A survey of URI master gardeners conducted by Gorres in 2015 found snake worms in Slater Park in Pawtucket and in gardens and mulch piles in Barrington, Jamestown, North Kingstown, South Kingstown, and Richmond. The worms are common at URI’s East Farm, where master gardeners maintain several gardens and greenhouses, and they have been reported at other scattered locations around the state as well.

Nan Quinlan, who coordinates the master gardeners’ vegetable demonstration garden at East Farm in Kingston, said the worms may have arrived there in deliveries of mulch, soil, or potted plants, or even on the tires and fenders of cars and trucks.

“There are so many possibilities here that I strongly hesitate to blame any one source,” she said. “What makes the most sense is that the Asian worms were already present in the soil at East Farm for a long time and found their way to areas like mulch piles and the compost pile we built and maintain inside the garden.”

Quinlan’s speculation that they may have come from deliveries of soil or potted plants aligns with Gorres’ understanding that they are commonly transported in plant material via the horticulture and nursery industry.

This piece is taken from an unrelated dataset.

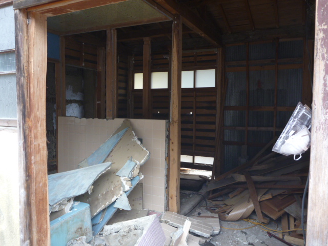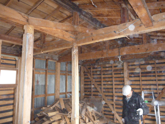 大工さん2人で解体です、この日は悪天候の中での作業だったのでとても大変そうでした(>_<)

“Folks in horticulture should worry because the worms can negatively affect their stock of plants,” Gorres said. “The castings the worms produce are very granular, very loose, so if anything tries to grow in the castings, the roots will have a hard time getting a foothold. Plants need something more stable to hold onto. It makes the plant wilt and look like they’re experiencing drought symptoms.”

To reduce the likelihood of the spread of the worms, Gorres suggested that consumers ask vendors selling plants, mulch, or soil whether the worms have been found in their products.

“They’ll probably say they haven’t been, but if they’re truthful they may say it’s the new normal, which it may be,” he said.

Gorres is studying several varieties of insect-killing fungi that may control the worms.